#### Records to use
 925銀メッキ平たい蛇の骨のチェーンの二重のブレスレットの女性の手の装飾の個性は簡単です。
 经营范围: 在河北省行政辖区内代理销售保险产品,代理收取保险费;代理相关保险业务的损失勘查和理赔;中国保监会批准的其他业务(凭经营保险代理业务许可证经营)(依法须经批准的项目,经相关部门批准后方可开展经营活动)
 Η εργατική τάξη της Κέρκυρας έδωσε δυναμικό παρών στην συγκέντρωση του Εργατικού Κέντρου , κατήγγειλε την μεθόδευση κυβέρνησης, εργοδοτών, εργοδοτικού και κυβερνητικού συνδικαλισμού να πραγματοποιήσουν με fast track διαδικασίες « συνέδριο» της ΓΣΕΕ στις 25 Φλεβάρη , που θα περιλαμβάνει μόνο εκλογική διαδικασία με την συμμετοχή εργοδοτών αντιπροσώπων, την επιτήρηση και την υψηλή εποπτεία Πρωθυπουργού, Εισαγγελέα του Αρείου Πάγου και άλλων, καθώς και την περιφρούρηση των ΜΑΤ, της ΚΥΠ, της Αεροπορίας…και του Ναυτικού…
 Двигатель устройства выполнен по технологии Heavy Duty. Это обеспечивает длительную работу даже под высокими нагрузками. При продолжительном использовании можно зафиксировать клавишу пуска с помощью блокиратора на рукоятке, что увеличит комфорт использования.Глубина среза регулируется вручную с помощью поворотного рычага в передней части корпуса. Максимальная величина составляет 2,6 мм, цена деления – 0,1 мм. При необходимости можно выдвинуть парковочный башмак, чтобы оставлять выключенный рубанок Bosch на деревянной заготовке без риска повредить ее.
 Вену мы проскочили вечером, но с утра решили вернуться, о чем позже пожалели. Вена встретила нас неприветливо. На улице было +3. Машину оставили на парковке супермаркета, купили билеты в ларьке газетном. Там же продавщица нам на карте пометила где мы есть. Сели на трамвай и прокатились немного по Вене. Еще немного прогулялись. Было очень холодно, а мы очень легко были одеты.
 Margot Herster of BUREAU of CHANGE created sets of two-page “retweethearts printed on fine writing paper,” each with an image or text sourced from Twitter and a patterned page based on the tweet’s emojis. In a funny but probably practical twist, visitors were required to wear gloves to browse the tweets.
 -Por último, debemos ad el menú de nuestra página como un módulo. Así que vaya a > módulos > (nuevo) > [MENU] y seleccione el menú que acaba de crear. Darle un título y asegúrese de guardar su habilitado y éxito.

#### To do
From the first line of the listing above through the line that contains "Η εργατική τάξη", set down each line without alteration, and nothing else.

#### Written answer
 925銀メッキ平たい蛇の骨のチェーンの二重のブレスレットの女性の手の装飾の個性は簡単です。
 经营范围: 在河北省行政辖区内代理销售保险产品,代理收取保险费;代理相关保险业务的损失勘查和理赔;中国保监会批准的其他业务(凭经营保险代理业务许可证经营)(依法须经批准的项目,经相关部门批准后方可开展经营活动)
 Η εργατική τάξη της Κέρκυρας έδωσε δυναμικό παρών στην συγκέντρωση του Εργατικού Κέντρου , κατήγγειλε την μεθόδευση κυβέρνησης, εργοδοτών, εργοδοτικού και κυβερνητικού συνδικαλισμού να πραγματοποιήσουν με fast track διαδικασίες « συνέδριο» της ΓΣΕΕ στις 25 Φλεβάρη , που θα περιλαμβάνει μόνο εκλογική διαδικασία με την συμμετοχή εργοδοτών αντιπροσώπων, την επιτήρηση και την υψηλή εποπτεία Πρωθυπουργού, Εισαγγελέα του Αρείου Πάγου και άλλων, καθώς και την περιφρούρηση των ΜΑΤ, της ΚΥΠ, της Αεροπορίας…και του Ναυτικού…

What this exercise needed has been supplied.